Nemesis (operating system)

Nemesis is an operating system designed by the University of Cambridge, the University of Glasgow, the Swedish Institute of Computer Science and Citrix Systems.

Nemesis
DeveloperUniversity of Cambridge
Working stateDiscontinued
Latest releaseII / April 26, 1999 (1999-04-26)
Available inEnglish
Platformsx86, Alpha and ARM
Default user interfaceGraphical user interface
LicenseNemesis Free License
Official websitewww.cl.cam.ac.uk/Research/SRG/netos/old-projects/nemesis/

Nemesis was conceived with multimedia uses in mind. In a microkernel environment, an application is typically implemented by a number of processes, most of which are servers performing work on behalf of more than one client. This leads to enormous difficulty in accounting for resource usage. In a kernel-based system, multimedia applications spend most of their time in the kernel, leading to similar problems.[1]
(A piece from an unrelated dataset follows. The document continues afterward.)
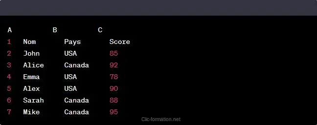 Utilisez la formule suivante : =MOYENNE.SI.ENS(C2:C7, B2:B7, "USA", C2:C7, ">80"). Cette formule calcule la moyenne des valeurs dans la plage C2:C7 (la colonne des scores) qui répondent aux critères suivants :

The guiding principle in the design of Nemesis was to structure the operating system in such a way that the majority of code could execute in the application process itself. Nemesis therefore had an extremely small lightweight kernel and performed most operating system functions in shared libraries, which executed in the user's process.[1]

The ISAs that Nemesis supports include x86 (Intel i486, Pentium, Pentium Pro, and Pentium II), Alpha and ARM (StrongARM SA-110). Nemesis also runs on evaluation boards (21064 and 21164).